High-risk women should get breast cancer MRI: study
Posted on: Tuesday, 23 May 2006, 17:10 CDT
CHICAGO (Reuters) - Detecting breast cancer with sensitive magnetic resonance imaging is expensive but worth it for women who carry a gene mutation that puts them at higher risk for the disease, a study said on Tuesday.
Though rare, the inherited BRCA1 and BRCA2 genetic mutations increase a woman's lifetime risk of breast cancer by as much as 80 percent.
Magnetic resonance imaging (MRI) costs 10 times more than mammography but is capable of detecting hard-to-find tumors, such as those under the armpits, earlier. The exam also produces more false-positive results, the study said.
Using a computer model that set a threshold of $100,000 spent for each year of life gained, researchers at Stanford University School of Medicine concluded that MRIs are cost-effective for women aged 35 to 54 who have the BRCA1 mutation.
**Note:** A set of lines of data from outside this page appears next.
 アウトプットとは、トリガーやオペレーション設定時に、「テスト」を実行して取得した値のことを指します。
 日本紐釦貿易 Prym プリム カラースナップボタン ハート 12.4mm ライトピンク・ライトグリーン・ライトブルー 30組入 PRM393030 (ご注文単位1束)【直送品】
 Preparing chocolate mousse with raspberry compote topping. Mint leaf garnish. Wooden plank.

MRIs are also cost-effective for women in that age group with the BRCA2 defect for whom mammographies are not sensitive enough to detect tumors.
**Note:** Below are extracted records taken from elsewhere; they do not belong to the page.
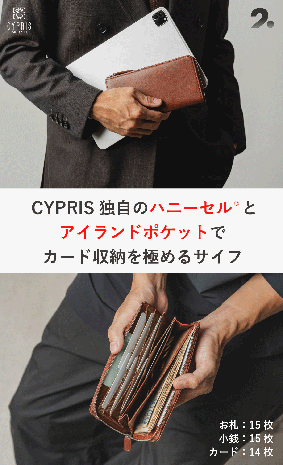 従来のキプリスの財布に搭載されているのは縦型のカードポケット構造ですが、「1ssi slim」には、横向き・短丈仕様にアップデートした「コンパクトハニーセル」を採用。
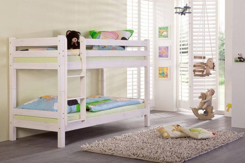Качественные варианты деревянных двухъярусных кроватей – модели «Мидал» и «Нордаль». Модель Мидал, включающая два спальных места, выделяется тем, что при стандартных габаритах в длину и ширину её высота всего 157 см, что отлично подходит в детскую комнату для дошкольников и школьников младших классов.
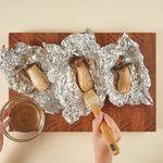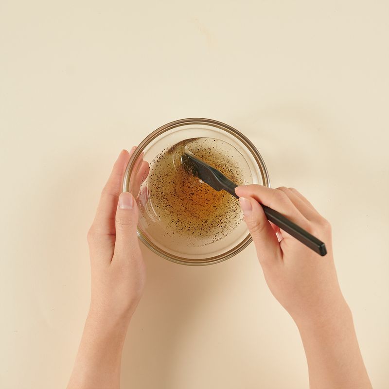 연두순과 식용유를 섞어 양념(유장)을 만들어 주세요.호일을 제거한 새송이버섯 겉면에 양념을 골고루 1번씩 발라 주세요.양념을 바른 새송이버섯은 호일 없이 200℃ 에어프라이어에서 10분간 겉면이 더 노릇노릇해질 때까지 구워주세요.
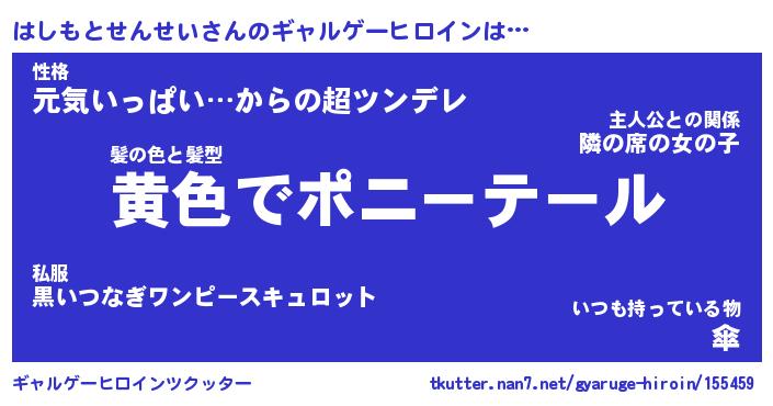 | 男性向けラノベタイトル風あだ名 | 『ハシモトセンセイアートオンライン』 |
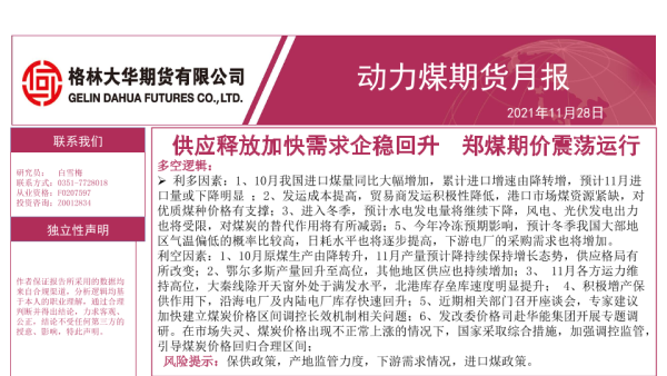 【格林大华期货】【20211128】动力煤期货月报:供应释放加快需求企稳回升,郑煤期价震荡运行-22页 行业研究
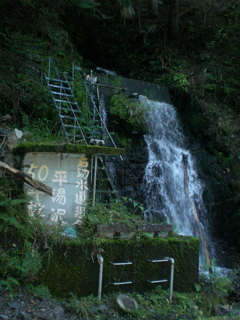 案内板には「石切水道組合 平湯沢 50年設置」とある。
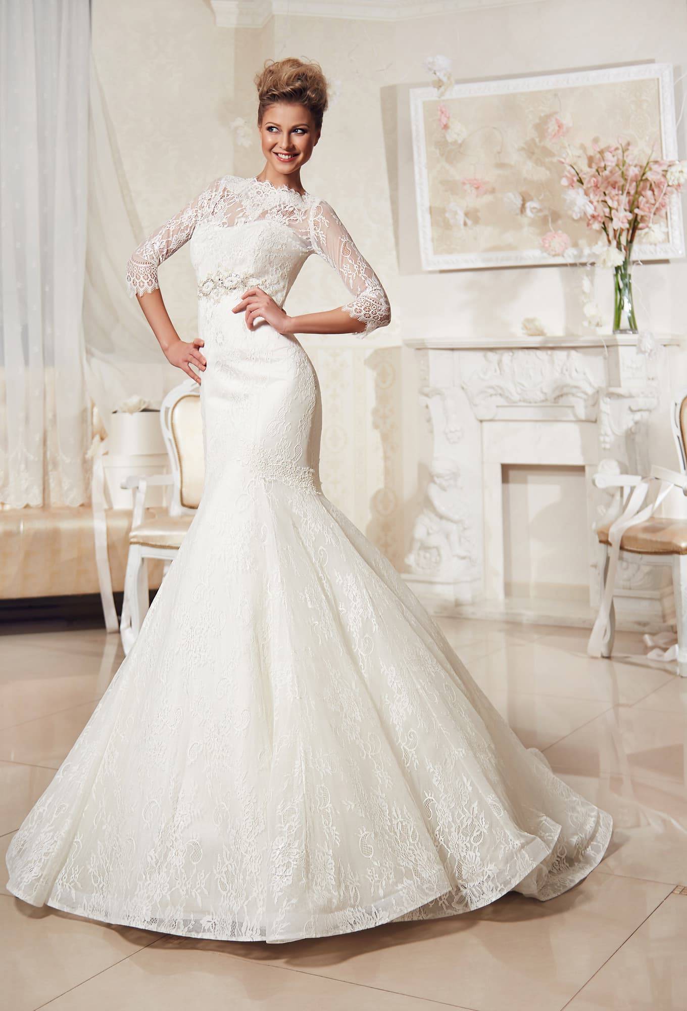 Свадебное одеяние фасона рыбка с рукавами смотрится изящно, легко. Дизайнеры предоставляют возможность экспериментировать с длиной, формой рукава, меняя в целом настроение лука. Вариант до кисти или локтя, длины ¾ или формы фонарик, реглан выглядит интересно, добавляя образу изюминки.

"Magnetic resonance imaging has a larger role in screening BRCA1 mutation carriers because they are at greater risk for developing breast cancer and their cancers are more aggressive than those that develop in BRCA2 mutation carriers," study author Sylvia Plevritis wrote in the Journal of the American Medical Association.
The genetic mutations are found in roughly 2 percent of Ashkenazi Jews, five times the frequency as in the general population, according to the National Cancer Institute.
"With substantial declines in its cost, breast MRI screening is likely to represent an acceptable value for a broader group of women," the study concluded.